The Osaka Exchange (OSE) rubber contract for June delivery closed down 2.2 yen, or 0.59%, at 369.6 yen ($2.35) per kg. The May rubber contract on the Shanghai Futures Exchange (SHFE) fell 175 yuan, or 0.99%, to 17,505 yuan ($2,398.21) per metric ton. Port inventories of natural rubber in China increased further this week, with stockpiles in Qingdao rising sharply to 470,000 tons, said Chinese rubber sales portal Natural Rubber Network. Meanwhile, harvesting in China’s Yunnan has stopped and some processing plants have halted operations, while harvesting in the northeastern region of Thailand will gradually come to an end from next month, said Natural Rubber Network. In top rubber producer Thailand, farmers in the upper regions should brace for crop damage from Dec. 26-27, the country’s meteorological agency said on its website. In the southern areas, farmers should brace for heavy rains that may cause flash flood from Dec. 28-30, the agency said. The most-active February butadiene rubber contract on the SHFE dropped 385 yuan, or 2.86%, to 13,085 yuan ($1,792.66) per metric ton.

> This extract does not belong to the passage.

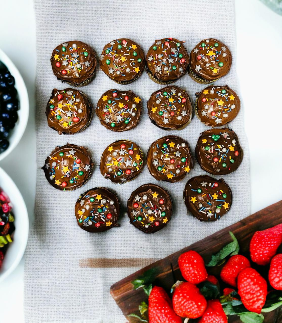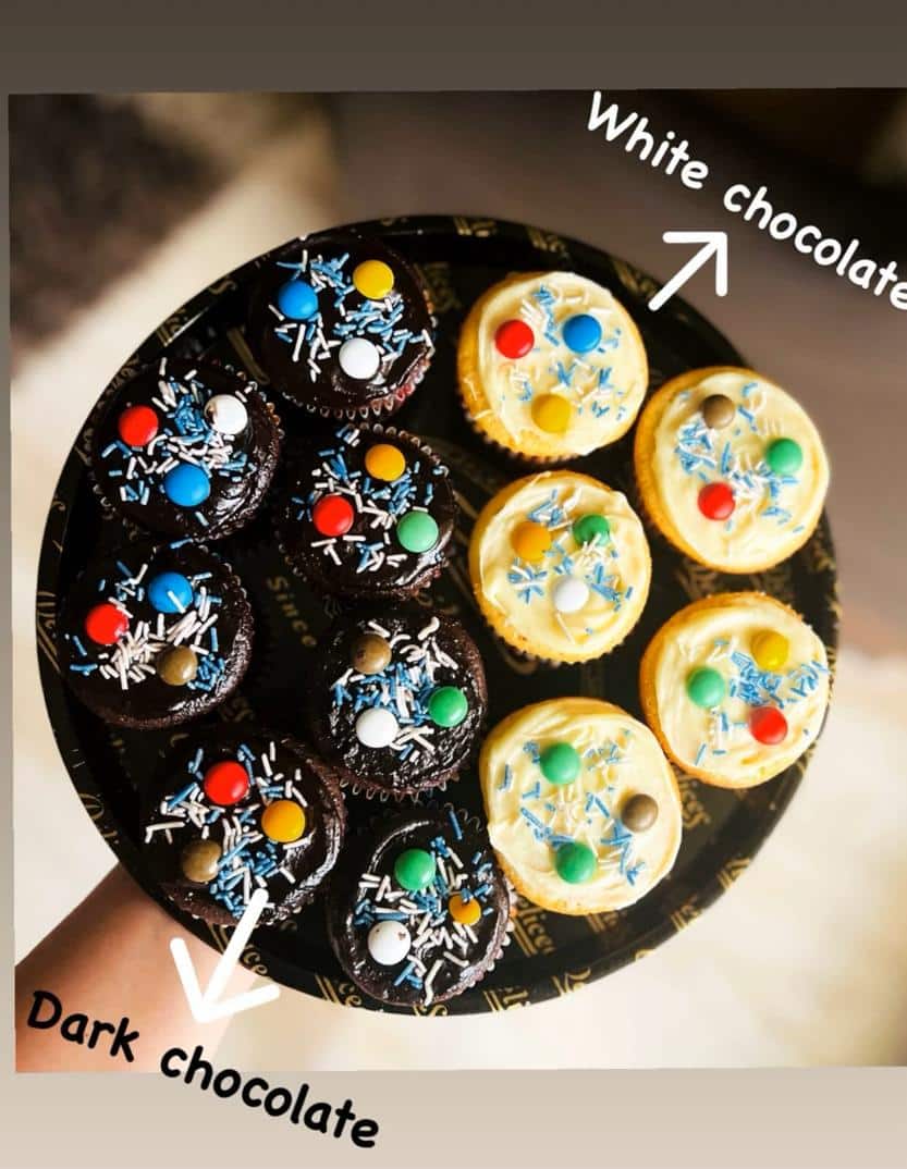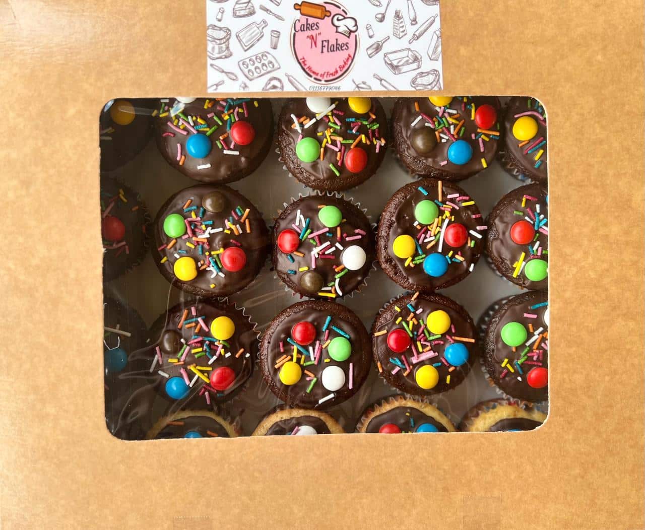 Customized chocolate or vanilla cupcakes topped with white or dark chocolate with M&Ms and sprinkles

Oil prices edged higher in thin holiday trading, driven by hopes for additional fiscal stimulus in China, the world’s biggest oil importer, while an anticipated decline in US crude inventories also provided support. China is also the world’s top consumer of rubber. Natural rubber often takes direction from oil prices as it competes for market share with synthetic rubber, which is made from crude oil. The front-month rubber contract on Singapore Exchange’s SICOM platform for January delivery last traded at 191.1 US cents per kg, up 0.5%.